Entries provided:
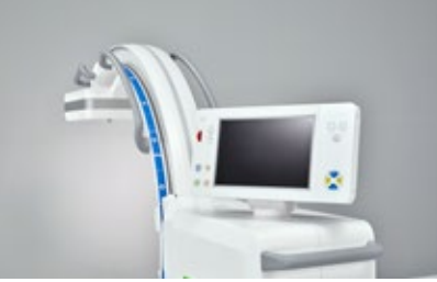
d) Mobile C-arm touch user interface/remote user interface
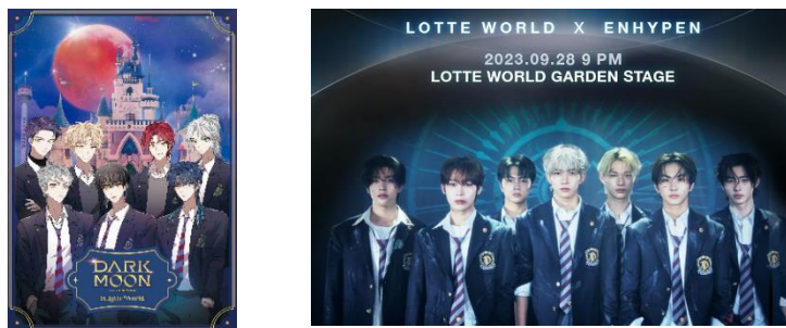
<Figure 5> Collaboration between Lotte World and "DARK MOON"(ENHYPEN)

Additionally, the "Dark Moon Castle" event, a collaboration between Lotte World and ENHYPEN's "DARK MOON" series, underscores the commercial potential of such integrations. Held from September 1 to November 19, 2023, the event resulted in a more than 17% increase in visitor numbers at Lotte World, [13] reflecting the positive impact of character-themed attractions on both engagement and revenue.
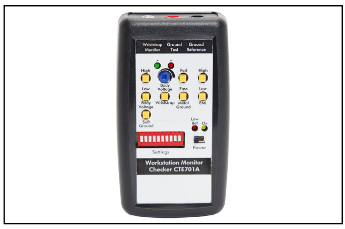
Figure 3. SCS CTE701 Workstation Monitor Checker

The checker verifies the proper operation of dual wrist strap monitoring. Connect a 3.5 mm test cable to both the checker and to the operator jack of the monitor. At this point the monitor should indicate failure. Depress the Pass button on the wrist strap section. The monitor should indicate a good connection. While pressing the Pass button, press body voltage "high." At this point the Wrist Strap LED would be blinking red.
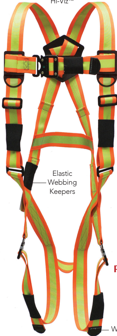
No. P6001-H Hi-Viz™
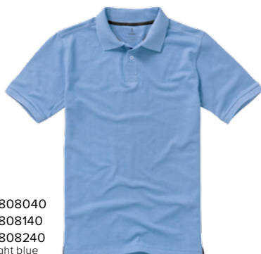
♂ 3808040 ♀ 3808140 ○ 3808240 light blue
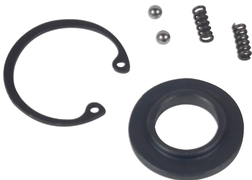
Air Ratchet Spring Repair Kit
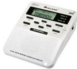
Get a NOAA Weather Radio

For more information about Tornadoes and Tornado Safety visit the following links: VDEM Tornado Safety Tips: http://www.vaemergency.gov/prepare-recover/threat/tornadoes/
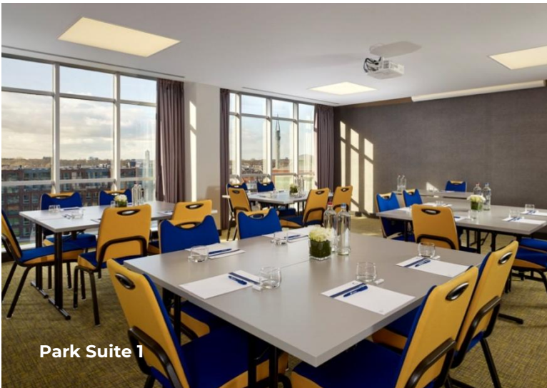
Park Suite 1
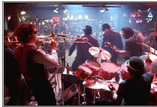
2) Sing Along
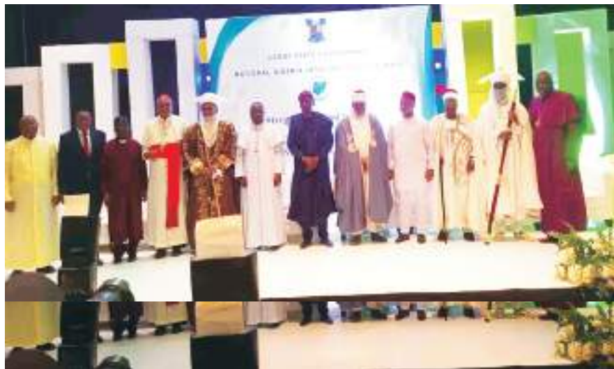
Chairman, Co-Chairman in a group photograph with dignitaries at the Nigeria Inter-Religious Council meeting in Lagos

---

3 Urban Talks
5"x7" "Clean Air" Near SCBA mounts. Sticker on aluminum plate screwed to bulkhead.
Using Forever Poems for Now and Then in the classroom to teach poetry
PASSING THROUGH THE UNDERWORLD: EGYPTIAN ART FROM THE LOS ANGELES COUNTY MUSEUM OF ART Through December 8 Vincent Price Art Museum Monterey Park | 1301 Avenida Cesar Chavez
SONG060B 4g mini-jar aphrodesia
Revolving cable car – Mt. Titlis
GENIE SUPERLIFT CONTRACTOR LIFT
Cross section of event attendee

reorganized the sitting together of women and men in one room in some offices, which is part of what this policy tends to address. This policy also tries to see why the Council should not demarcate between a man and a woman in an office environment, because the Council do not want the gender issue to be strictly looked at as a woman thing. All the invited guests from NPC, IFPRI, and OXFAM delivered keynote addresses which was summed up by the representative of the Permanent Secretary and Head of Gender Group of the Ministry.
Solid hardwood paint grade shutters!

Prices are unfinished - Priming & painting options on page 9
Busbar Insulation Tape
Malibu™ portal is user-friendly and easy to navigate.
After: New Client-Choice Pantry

---

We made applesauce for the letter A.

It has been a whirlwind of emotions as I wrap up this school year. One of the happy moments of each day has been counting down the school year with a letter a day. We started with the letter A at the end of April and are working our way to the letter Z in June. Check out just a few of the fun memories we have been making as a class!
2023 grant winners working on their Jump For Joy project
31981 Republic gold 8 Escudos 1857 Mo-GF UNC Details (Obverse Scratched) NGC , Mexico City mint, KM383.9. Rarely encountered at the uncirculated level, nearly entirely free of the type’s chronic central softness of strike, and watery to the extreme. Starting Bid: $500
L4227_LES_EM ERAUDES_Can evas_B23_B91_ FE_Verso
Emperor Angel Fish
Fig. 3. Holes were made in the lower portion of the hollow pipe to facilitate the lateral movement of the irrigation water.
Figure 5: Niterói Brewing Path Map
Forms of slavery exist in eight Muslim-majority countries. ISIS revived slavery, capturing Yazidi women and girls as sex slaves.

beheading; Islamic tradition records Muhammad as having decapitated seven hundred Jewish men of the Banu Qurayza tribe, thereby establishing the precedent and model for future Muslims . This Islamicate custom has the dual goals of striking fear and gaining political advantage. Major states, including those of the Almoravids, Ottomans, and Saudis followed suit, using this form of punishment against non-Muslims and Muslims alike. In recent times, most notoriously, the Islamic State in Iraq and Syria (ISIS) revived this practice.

What is needed: In the listing above, find each line with the word "MOON" and return it.

Result:
<Figure 5> Collaboration between Lotte World and "DARK MOON"(ENHYPEN)
Additionally, the "Dark Moon Castle" event, a collaboration between Lotte World and ENHYPEN's "DARK MOON" series, underscores the commercial potential of such integrations. Held from September 1 to November 19, 2023, the event resulted in a more than 17% increase in visitor numbers at Lotte World, [13] reflecting the positive impact of character-themed attractions on both engagement and revenue.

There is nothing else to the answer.